Location: Dairy Forage ResearchTitle: Snap-shot Assessment of Resource Use and Production Small-holder Dairy Farms in Uttar Pradesh, INDIA ) Author
Submitted to: Proceedings of Babcock Institute Technical Workshop
Publication Type: Research Notes
Publication Acceptance Date: 5/27/2010
Publication Date: 6/2/2010
Citation: Powell, J.M. 2010. Snap-shot Assessment of Resource Use and Production on Small-holder Dairy Farms in Uttar Pradesh, India. Case Study Vol. 1, No. 1. The Babcock Institute for International Dairy Research and Development. University of Wisconsin-Madison. Interpretive Summary:
Technical Abstract: Estimates of feed, milk and manure are needed to understand relationships between resource use and production, and identify potential interventions that could enhance overall dairy system sustainability. This report describes the survey methods used and results obtained for quantifying dairy herd structures, feed inputs and milk and manure outputs in small-holder dairy farming systems in Uttar Pradesh, India. Rations for buffaloes and dairy cows were similar comprising mostly freshly cut barseem (Egyptian clover), wheat straw, concentrates and mustard cake. Estimated daily dry matter (per animal) offer for buffaloes ranged from 11.8 to 24.7 kg and for cows from 16.2 to 17.6 kg.

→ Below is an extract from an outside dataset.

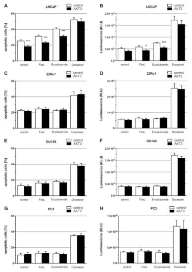 Effects of AKT3 expression on apoptosis of PCa cell lines were analyzed by Annexin V/propidium iodide (PI) staining and caspase 3/7 activity. Cells were transfected with control or AKT3 expression plasmid and apoptosis was induced by adding FasL (200 ng/mL), enzalutamide (10 µM) or docetaxel (20 nM) 24 h after transfection. Staining with Annexin V-FITC/ PI was performed 72 h post treatment and followed by flow cytometry analysis. Graphs show the mean ± SEM of four independent experiments. (A) Percentage of apoptotic cells decreased significantly (*** p < 0.001) after AKT3 overexpression in untreated LNCaP cells (p = 0.0008) as well as FasL (p = 0.0001) and enzalutamide (p = 0.0002) treated LNCaP cells. (B) Caspase 3/7 activity was measured 48 h after treatment by microplate reader. AKT3 overexpression in LNCaP cells has a slightly effect on caspase 3/7 activity. After induction of apoptosis with FasL (p = 0.0377; * p < 0.05) or enzalutamide (p = 0.0004; *** p < 0.001), AKT3 overexpression leads to a significant reduction of caspase 3/7 activity in LNCaP cells. AKT3 expression in 22Rv1, DU145 and PC3 cells has no effect on the relative proportion of apoptotic cells (C,E,G) as well as on caspase 3/7 activity (D,F,H).

More detailed information on concentrations of crude protein, energy, minerals, etc. in rations would be needed to calculate relative amounts of feed nutrients secreted in milk and excreted in manure, and for setting production goals, optimizing the use of purchased feeds and estimating manure availability. Determinations of the amount and quality of crop residues and forage available would be needed to estimate livestock carry capacities, how best to combine local feeds with imported concentrates, setting production goals, etc. Research and development could be targeted towards improving forage conservation and use. Manure collection was reportedly 80% to 90% of total manure production. Of total collected manure, approximately 50% is spread directly on arable land, 40% is used for fuel, and the remainder is composted and applied to vegetables. Experimentation in farmers’ fields could be designed to address questions such as when, where, and how much manure to apply, and the combination of manure and manure ash with small doses of fertilizer.